Membranophones are a class of instruments that use stretched membranes to produce sound. Within this class of instrument are drums (number 21 on the Hornbostel-Sachs musical instrument taxonomy) that produce sound from two stretched membranes that enclose a column of air within a cylinder; the membranes or heads (made of Mylar) are clamped to each end, and the cylinder is often made of wood. Typically, the cylinder is ported by a dime-sized hole. The two heads and the column of air are well modelled as springs, and air rushes in and out through the port during sound production. The port and the load of the ambient air have the effect of damping the produced sound.
Vibration of such a system is governed by the acoustic wave equation, and so the study of the associated acoustics may be expected to be well facilitated using the familiar techniques of reflection seismology.

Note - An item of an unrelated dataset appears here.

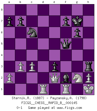 Last move : 0-1 2010 March 25 21:10:41 [Event "FICGS__CHESS__RAPID_B__000145"] [Site "FICGS"] [Date "2010.03.05"] [Round "1"] [White "Sternik,Ryszard"] [Black "Payzansky,Aleksey"] [Result "0-1"] [WhiteElo "1887"] [BlackElo "1798"] 1.e4 c5 2.Nf3 d6 3.d4 cxd4 4.Nxd4 Nf6 5.Nc3 g6 6.Be2 Bg7 7.O-O O-O 8.Kh1 Nc6 9.Nb3 Be6 10.f4 Qc8 11.Bf3 Bc4 12.Re1 Rd8 13.Nd5 e6 14.Nxf6+ Bxf6 15.Nd2 Ba6 16.c3 Qc7 17.Nb3 e5 18.g3 Bc4 19.Be3 Rac8 20.Bg4 exf4 21.gxf4 Qe7 22.Qc2 Rc7 23.Qg2 Bh4 24.Red1 Re8 25.e5 dxe5 26.Bc5 Qf6 27.Bd6 Rce7 28.Bxe7 Rxe7 29.f5 e4 30.fxg6 hxg6 31.Be2 Bxe2 32.Qxe2 Bf2 33.Nd2 e3 34.Nf3 Re4 35.Rf1 Qf5 36.Rad1 Kg7 37.b3 Rf4 38.Ne1 Rh4 39.Ng2 Rh3 0-1 Sicilian : Dragon variation Kingside Castling by player White (move 7) Kingside Castling by player Black (move 7) Player Black won this chess game. Follow this game move after move (download)We cannot resist the fascination of sacrifice, since a passion for sacrifices is part of a Chessplayer's nature. (Rudolf Spielman) Je mehr ich von der FIDE weiss, um so weniger verstehe ich. (Alexander Kalifman) Las Aperturas te enseñan aperturas. ¡Los Finales te enseñan Ajedrez!. (Stephan Gerzadowicz) Les échecs sont un jeu par leur forme, un art par leur essence et une science par sa difficulté d'acquisition. Ils peuvent vous procurer autant de plaisir qu'un bon livre ou une belle musique, mais vous n'aurez une réelle joie que si vous arrivez à bien jouer. (Tigran Petrosian) Wisdom doesn't necessarily come with age. Sometimes age just shows up all by itself. (Tom Wilson)

Here, the familiar notions of Vibroseis, Fourier spectrum, cross correlation, and the Gabor spectrum are used to determine the pitches and, more importantly, the relative pitches of a particularly pleasing collection of drums that form a trap set used in jazz and popular music. Pitch determination is interesting in that, for two headed drums, how they should be tuned is not well described, and seismic analysis might be expected, through analysis of a well sounding set, to at least determine to what pitches, and relative pitches they are tuned. It is found that, for this particular set of three drums, the tom tom drum (the smallest) is tuned to approximately 120 Hz, the floor tom (intermediate in size) is tuned to approximately 80 Hz, and the bass drum (the largest) is tuned to approximately 60 Hz. These pitches correspond to the batter heads (the struck heads), and the resonant heads are tuned to similar pitches with the exception of the bass drum. It is found that the relative pitches of the resonant heads correspond to three of the most pleasing of the classical musical intervals octave (tom tom / bass), perfect fifth (tom tom / floor tom), and perfect fourth (floor tom / bass drum).